The state Supreme Court heard arguments Wednesday on a clash between church and state, and the extent to which the rights of religion trump secular, legal obligations.
Two sisters sued the Wilton Jehovah’s Witnesses congregation and the national Watchtower Bible & Tract Society in 2001, charging church officials failed to notify authorities after the sisters’ mother spoke with them about concerns that her husband was physically and emotionally abusing the children.
Paul Berry, 48, formerly of Greenville, was convicted of sexually abusing his stepdaughter, Holly Brewer, 25, while she was 4 to 10 years old.
Berry is serving 56 to 112 years in prison, one of the stiffest terms ever imposed for a sexual assault case in New Hampshire. The state Supreme Court upheld his conviction in 2002. Charges that Berry also assaulted his daughter, Heather Berry, 22, were dropped after his conviction and sentence in the first case.
The Telegraph ordinarily doesn’t identify victims of sexual abuse, but the sisters opted to go public with their case.
During the course of Paul Berry’s trial, the sisters learned that their mother, Sara Poisson, had spoken with church elders when the sisters were children, and asked for help for her family. Poisson didn’t suspect her husband was sexually abusing the girls, but sought the elders’ advice about his physical and emotional abuse. Poisson testified that church elders told her to keep quiet, pray more and strive to be a better wife.
The sisters charge that the elders should have relayed Poisson’s concerns to state authorities.
Hillsborough County Superior Court Judge William Groff dismissed their lawsuit in a series of rulings last year, however, and the sisters appealed to the Supreme Court.
Both the sisters and the church took issue with parts of Groff’s ruling, and agreed with other parts. Speaking before the Supreme Court on Wednesday, lawyers for the two sides could hardly agree on the questions at issue, never mind the answers.
State law (RSA 169-C:29) requires people to report suspected child abuse, and one of the sisters’ lawyers, Marci Hamilton of Pennsylvania, argued that law applied to the elders.
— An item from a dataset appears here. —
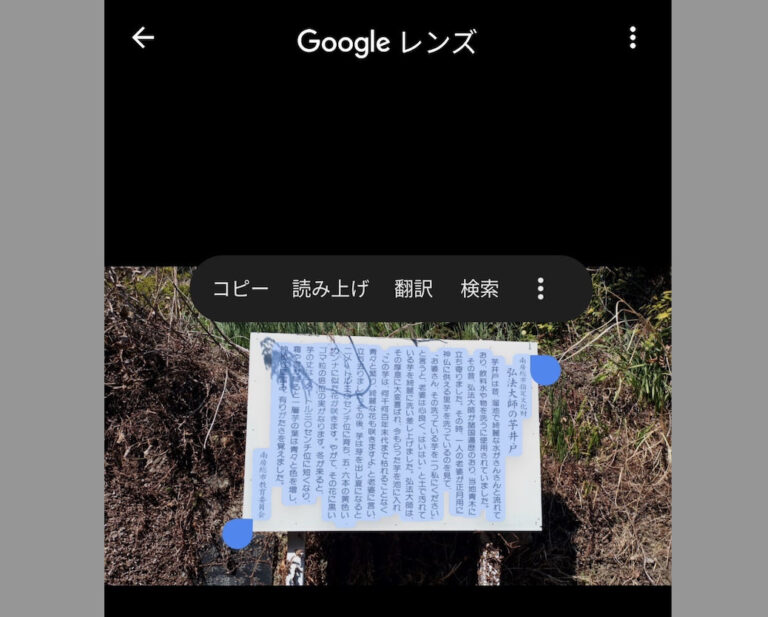 観光名所の看板などの文字を写真で撮っておけばGoogleレンズを使って数秒でテキスト化できます。

Laws obligating people to do (or not do) certain things don’t violate freedom of religion, she argued, and the law doesn’t let people claim their faith obliges them to violate the law.
“This isn’t a case about religious liberty,” Hamilton said. “All they (elders) had to do was pick up a phone and call (and report the alleged abuse).”
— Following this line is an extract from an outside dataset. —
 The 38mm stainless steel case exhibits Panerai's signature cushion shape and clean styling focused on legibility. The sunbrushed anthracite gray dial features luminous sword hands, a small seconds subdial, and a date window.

“There is no defense for religious motivation when conduct is required by law,” she added later.
Another state law (RSA 516:35 and court rule 505) holds that confessional communications between a person and a priest, ligious leader are confidential, however.
One of the lawyers for the Jehovah’s Witnesses, Donald Gardner of Manchester, said Groff was right to rule that the church elders are covered by the religious privilege rule. That confidentiality barred the elders from reporting any allegations or even admissions of abuse, Groff ruled.
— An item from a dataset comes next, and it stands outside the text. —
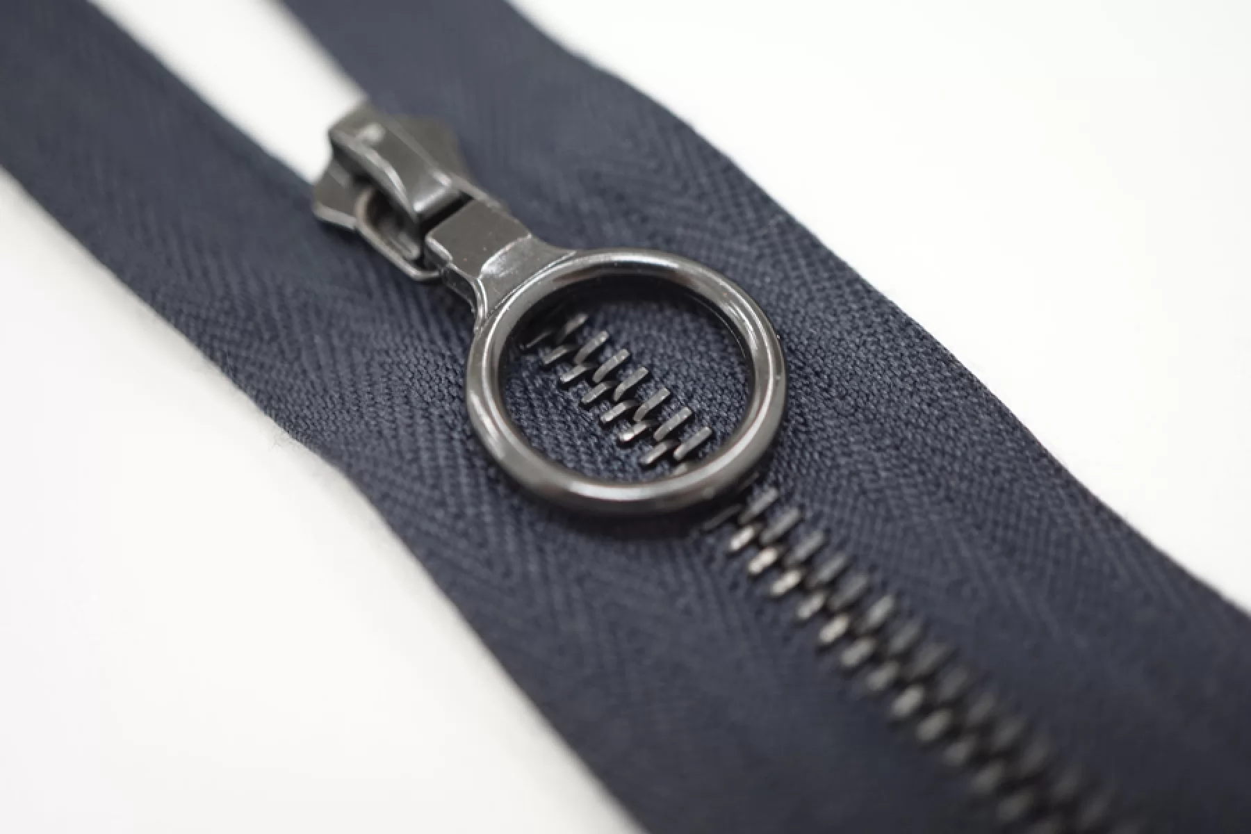 Молния от Riri неразъемная, темно-синяя, цвет зубцов и крупного слайдера - никель. Длина 16 см.
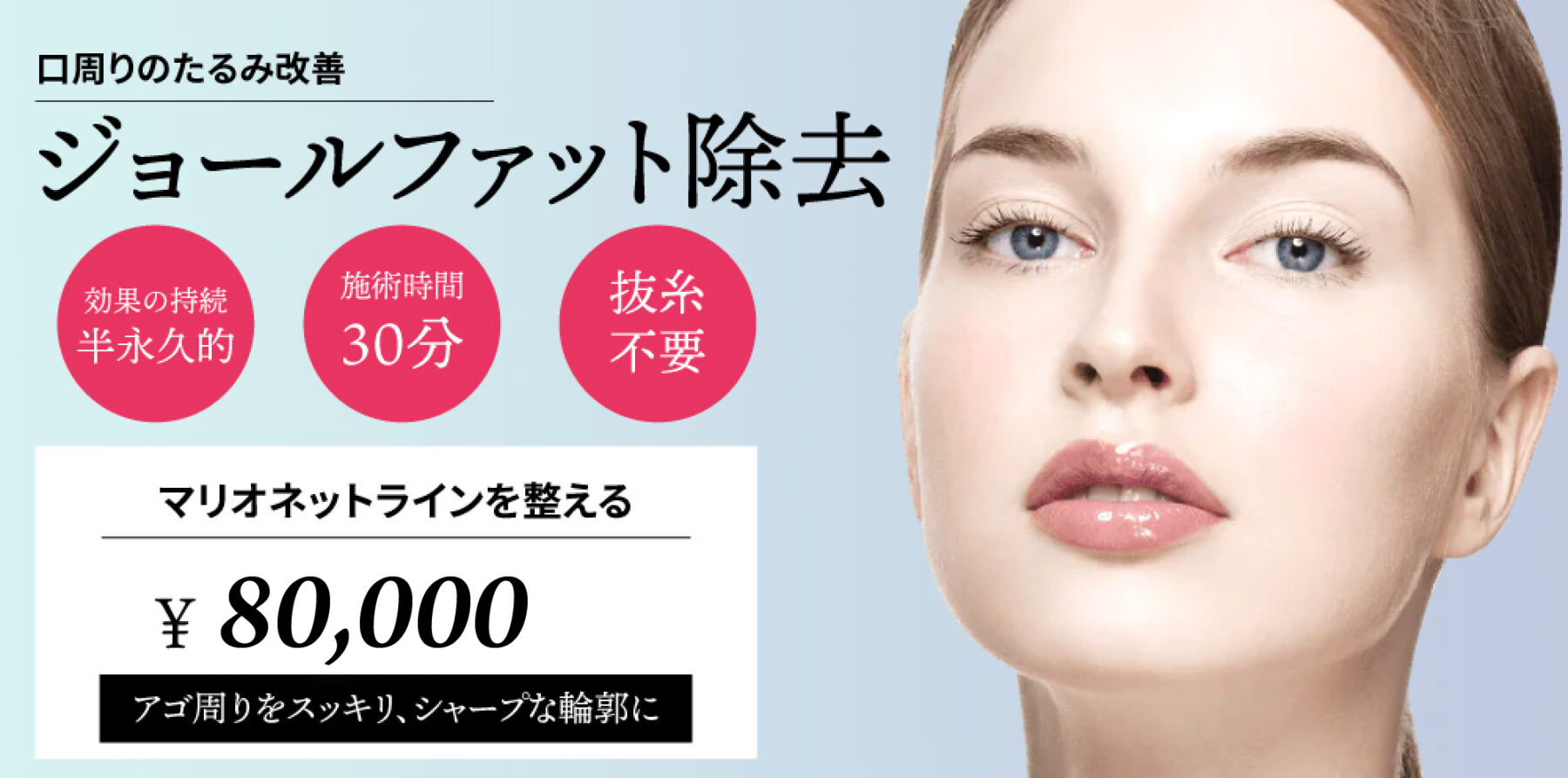 ジョールファットは口の横のもたつき部分の脂肪です。口横~口角下、マリオネットラインと呼ばれるシワの上の部分の脂肪です。

Hamilton disputes that church elders are covered by the religious privilege, because they are not trained as clergy. Even if so, she argued, the obligation to report child abuse should trump religious confidentiality, because it’s more important to protect children.
The sisters argue their mother was trying to report the abuse and had no desire or intention that her concerns about it remain confidential.
Jehovah’s Witnesses are baptized only after studying and practicing the faith for years, but once baptized, all members are considered ordained ministers of the faith. Congregations are led by small groups of elders, rather than clerics.
Gardner argued the law requiring people to report child abuse doesn’t even apply to the case. Failure to report child abuse is a misdemeanor, punishable by up to a year in jail under state law, but the law doesn’t give people the right to sue for alleged violations, he said.
Gardner argued that the religious privilege is broad and absolute, and the courts and state ought not be invited to meddle in matters of individual faith and conscience.
“When you start cutting away at the margins of religious privilege,” and limiting what sort of things it covers, Gardner said, “you run a grave risk.”